EXTRACTED INFORMATION:
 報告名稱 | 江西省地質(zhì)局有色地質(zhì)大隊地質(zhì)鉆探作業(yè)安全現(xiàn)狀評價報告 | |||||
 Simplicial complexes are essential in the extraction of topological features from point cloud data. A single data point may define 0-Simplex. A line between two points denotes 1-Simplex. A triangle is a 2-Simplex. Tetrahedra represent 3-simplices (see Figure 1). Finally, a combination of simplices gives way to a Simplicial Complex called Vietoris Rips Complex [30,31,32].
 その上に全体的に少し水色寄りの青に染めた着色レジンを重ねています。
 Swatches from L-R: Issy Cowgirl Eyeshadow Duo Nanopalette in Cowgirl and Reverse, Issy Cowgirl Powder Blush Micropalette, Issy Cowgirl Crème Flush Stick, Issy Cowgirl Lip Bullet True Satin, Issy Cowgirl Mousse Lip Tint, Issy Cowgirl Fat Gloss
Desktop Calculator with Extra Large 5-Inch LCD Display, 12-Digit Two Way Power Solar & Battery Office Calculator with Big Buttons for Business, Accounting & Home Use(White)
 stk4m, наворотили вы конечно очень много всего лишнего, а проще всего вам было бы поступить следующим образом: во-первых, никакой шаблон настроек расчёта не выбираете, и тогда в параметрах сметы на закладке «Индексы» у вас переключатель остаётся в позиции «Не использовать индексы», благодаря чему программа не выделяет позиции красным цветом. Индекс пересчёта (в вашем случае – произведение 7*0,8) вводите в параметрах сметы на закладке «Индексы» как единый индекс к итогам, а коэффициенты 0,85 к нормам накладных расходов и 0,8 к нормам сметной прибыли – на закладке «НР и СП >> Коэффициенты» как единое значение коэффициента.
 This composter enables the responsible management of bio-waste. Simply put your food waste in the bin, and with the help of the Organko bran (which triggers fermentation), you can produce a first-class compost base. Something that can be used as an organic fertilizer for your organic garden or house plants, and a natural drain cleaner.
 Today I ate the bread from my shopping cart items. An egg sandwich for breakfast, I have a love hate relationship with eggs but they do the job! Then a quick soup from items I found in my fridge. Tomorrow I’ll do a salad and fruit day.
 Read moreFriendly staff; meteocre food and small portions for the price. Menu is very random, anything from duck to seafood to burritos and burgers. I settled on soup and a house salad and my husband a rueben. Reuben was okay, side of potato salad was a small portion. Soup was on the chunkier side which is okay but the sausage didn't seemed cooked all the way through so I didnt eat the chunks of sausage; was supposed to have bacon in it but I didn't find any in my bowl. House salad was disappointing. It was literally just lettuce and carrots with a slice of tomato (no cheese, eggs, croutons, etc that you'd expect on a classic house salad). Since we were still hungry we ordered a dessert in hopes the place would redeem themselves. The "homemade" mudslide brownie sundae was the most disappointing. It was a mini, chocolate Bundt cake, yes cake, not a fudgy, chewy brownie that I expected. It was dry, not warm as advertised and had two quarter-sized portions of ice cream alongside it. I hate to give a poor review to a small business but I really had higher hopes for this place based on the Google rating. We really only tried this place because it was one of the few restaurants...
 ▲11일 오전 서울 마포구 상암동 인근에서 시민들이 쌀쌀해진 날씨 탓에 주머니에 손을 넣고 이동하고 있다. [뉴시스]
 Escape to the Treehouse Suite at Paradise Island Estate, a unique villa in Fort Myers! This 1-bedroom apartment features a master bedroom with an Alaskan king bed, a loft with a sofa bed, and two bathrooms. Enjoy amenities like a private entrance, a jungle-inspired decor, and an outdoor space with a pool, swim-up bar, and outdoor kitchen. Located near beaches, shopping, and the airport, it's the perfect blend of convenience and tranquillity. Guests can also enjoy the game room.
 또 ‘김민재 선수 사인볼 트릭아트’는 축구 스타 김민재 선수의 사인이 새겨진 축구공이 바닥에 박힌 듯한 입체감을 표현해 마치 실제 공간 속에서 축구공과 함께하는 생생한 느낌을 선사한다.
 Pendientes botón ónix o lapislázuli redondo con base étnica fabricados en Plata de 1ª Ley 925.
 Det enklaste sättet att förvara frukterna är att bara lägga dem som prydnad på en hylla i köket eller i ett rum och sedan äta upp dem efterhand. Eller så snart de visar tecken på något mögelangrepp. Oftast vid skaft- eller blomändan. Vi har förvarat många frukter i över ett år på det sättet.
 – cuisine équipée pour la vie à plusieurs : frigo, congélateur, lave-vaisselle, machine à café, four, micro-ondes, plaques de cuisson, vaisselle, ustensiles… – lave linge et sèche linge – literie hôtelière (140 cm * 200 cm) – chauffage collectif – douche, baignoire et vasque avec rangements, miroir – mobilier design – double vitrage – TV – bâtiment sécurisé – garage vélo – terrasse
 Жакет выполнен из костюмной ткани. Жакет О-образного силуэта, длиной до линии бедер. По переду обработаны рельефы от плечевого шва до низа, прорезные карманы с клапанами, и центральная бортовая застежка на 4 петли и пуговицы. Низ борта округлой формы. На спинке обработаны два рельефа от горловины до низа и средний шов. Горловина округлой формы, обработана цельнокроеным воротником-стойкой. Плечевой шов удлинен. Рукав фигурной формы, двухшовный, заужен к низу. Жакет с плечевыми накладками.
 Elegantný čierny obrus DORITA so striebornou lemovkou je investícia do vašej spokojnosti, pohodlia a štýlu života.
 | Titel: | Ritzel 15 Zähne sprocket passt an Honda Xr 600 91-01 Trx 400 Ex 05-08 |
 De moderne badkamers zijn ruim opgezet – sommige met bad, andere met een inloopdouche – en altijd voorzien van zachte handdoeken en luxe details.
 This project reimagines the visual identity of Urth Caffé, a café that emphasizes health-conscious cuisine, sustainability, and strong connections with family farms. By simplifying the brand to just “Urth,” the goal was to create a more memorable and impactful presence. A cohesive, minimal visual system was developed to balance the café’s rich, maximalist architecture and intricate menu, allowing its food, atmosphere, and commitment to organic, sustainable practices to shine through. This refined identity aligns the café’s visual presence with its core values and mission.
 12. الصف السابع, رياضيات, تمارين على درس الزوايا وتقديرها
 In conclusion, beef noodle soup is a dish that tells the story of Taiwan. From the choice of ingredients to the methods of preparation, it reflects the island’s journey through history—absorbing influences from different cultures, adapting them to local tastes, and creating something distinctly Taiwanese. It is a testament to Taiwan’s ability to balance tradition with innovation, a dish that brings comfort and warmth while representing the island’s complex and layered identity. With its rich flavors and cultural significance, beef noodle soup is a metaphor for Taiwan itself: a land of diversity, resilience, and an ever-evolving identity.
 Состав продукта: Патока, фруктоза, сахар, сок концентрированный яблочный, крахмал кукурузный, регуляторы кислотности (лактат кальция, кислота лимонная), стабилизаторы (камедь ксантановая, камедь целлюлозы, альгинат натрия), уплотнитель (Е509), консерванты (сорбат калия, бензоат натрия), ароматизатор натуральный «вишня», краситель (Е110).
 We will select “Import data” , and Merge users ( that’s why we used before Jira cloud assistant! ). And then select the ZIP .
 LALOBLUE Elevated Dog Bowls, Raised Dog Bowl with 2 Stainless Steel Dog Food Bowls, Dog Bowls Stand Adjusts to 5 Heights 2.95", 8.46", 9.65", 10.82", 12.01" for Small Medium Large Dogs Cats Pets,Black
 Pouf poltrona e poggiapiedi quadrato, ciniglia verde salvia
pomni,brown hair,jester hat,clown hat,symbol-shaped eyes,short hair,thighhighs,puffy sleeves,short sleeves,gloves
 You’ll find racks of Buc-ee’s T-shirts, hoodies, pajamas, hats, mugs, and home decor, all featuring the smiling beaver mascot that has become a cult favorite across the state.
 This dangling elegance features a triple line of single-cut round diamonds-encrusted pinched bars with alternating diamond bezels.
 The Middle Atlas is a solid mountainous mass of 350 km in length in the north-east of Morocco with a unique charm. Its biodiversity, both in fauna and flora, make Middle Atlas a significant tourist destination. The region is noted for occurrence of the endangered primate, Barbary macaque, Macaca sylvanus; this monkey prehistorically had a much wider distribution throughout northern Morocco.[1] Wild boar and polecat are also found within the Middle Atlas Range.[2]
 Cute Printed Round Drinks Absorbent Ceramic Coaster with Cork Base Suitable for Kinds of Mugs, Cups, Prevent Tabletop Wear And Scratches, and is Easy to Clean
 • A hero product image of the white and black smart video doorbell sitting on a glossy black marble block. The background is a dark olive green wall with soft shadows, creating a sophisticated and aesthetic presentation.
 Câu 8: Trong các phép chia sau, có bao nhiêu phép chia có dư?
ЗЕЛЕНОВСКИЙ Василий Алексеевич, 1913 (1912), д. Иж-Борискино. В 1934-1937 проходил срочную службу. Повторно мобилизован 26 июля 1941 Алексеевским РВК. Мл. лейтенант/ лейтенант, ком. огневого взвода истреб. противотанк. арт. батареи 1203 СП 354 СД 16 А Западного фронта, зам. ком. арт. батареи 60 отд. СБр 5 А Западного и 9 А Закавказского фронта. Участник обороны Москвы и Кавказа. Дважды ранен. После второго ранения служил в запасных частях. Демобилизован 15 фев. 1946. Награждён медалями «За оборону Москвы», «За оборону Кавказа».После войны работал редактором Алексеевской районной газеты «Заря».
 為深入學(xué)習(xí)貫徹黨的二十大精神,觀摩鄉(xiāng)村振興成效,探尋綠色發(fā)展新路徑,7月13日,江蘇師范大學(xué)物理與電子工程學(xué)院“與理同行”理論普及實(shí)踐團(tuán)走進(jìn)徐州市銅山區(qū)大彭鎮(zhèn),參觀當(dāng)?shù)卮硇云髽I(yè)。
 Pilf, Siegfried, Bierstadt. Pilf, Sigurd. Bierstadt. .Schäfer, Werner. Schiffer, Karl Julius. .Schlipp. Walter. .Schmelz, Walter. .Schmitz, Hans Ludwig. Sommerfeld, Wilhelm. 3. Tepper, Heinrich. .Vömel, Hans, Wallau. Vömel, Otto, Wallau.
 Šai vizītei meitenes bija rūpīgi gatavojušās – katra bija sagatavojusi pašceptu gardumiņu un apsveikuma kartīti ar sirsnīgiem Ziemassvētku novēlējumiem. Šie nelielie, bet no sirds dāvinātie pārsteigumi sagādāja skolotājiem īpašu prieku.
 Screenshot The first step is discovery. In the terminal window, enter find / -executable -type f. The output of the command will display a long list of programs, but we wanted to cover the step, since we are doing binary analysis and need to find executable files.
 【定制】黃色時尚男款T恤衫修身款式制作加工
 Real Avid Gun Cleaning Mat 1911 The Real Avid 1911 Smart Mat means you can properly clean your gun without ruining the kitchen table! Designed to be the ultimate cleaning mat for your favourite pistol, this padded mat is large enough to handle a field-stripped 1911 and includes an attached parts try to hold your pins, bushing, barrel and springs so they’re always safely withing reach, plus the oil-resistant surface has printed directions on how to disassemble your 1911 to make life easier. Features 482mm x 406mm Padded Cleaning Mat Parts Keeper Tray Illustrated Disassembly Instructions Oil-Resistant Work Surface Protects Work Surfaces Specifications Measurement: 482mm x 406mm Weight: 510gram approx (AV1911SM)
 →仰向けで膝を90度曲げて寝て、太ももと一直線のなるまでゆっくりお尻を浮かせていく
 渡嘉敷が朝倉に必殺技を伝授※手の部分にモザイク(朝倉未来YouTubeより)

EXERCISE BRIEF:
All that is wanted is a faithful reproduction of the line above with "Desktop Calculator with", the line with "stk4m, наворотили вы", and every line in between.

EXPECTED OUTPUT:
Desktop Calculator with Extra Large 5-Inch LCD Display, 12-Digit Two Way Power Solar & Battery Office Calculator with Big Buttons for Business, Accounting & Home Use(White)
 stk4m, наворотили вы конечно очень много всего лишнего, а проще всего вам было бы поступить следующим образом: во-первых, никакой шаблон настроек расчёта не выбираете, и тогда в параметрах сметы на закладке «Индексы» у вас переключатель остаётся в позиции «Не использовать индексы», благодаря чему программа не выделяет позиции красным цветом. Индекс пересчёта (в вашем случае – произведение 7*0,8) вводите в параметрах сметы на закладке «Индексы» как единый индекс к итогам, а коэффициенты 0,85 к нормам накладных расходов и 0,8 к нормам сметной прибыли – на закладке «НР и СП >> Коэффициенты» как единое значение коэффициента.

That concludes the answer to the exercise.